Since skeletal muscle represents the most extended organ in the human body, the identification of myokines is an important finding and may provide a biochemical explanation in recognizing molecular mechanisms that provide health beneficial effects in chronic disorders associated with systemic low-level inflammation (1,5).

Sedentary life has a higher prevalence than that of all other cardiovascular modifiable risk factors (6,7).
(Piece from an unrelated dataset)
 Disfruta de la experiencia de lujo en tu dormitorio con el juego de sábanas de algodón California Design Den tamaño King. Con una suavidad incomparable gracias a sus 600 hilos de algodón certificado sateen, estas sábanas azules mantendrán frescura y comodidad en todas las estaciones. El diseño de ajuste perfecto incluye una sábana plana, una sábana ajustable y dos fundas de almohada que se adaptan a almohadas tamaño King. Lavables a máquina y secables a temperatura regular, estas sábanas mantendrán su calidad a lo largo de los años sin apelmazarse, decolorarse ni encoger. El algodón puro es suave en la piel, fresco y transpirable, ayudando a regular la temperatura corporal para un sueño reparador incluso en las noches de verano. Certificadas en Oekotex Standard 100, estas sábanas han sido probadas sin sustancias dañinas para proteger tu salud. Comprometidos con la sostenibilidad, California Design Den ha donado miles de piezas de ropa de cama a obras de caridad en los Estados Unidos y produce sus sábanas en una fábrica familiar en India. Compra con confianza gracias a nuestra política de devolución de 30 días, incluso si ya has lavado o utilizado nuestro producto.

In recent times, the profits of regular exercise were extended to subjects with established CVD as a treatment option to improve the natural history of the disease in secondary prevention (8,9). This was a revolutionary changing of view because, for a long time, physical rest had been prescribed for patients with CVD.
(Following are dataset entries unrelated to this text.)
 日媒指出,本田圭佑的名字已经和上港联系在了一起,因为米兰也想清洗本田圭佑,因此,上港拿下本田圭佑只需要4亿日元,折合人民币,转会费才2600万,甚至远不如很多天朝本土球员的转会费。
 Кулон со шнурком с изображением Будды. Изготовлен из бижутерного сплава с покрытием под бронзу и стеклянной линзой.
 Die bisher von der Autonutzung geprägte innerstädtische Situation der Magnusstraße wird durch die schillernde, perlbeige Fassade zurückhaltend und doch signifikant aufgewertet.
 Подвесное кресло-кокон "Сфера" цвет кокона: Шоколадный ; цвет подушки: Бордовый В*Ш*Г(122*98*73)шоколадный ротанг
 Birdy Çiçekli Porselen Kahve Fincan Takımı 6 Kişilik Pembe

Numerous biological effects are considered responsible for the primary and secondary prevention of CVD and for the reduction in the rate of death and inability associated with routine exercise. In fact, regular physical activity has been demonstrated to reduce abdominal adiposity and improve weight control (10-12), reduce triglyceride levels, increase high-density lipoprotein (HDL) cholesterol levels and decrease low-density lipoprotein (LDL)-to-HDL ratios (10,13), ameliorate glucose homeostasis and insulin sensitivity (14), lower blood pressure (BP) (15,16), improve autonomic tone (17,18), balance blood coagulation (19,20), augment coronary blood flow (21), improve cardiac function (22,23) and enhance endothelial function (24-26). Moreover, physical activity seems to play a fundamental role in the primary and secondary prevention of CVD modulating chronic inflammation as demonstrated by high circulating levels of inflammatory mediators that have been shown to be directly associated with most of the chronic diseases (1,27).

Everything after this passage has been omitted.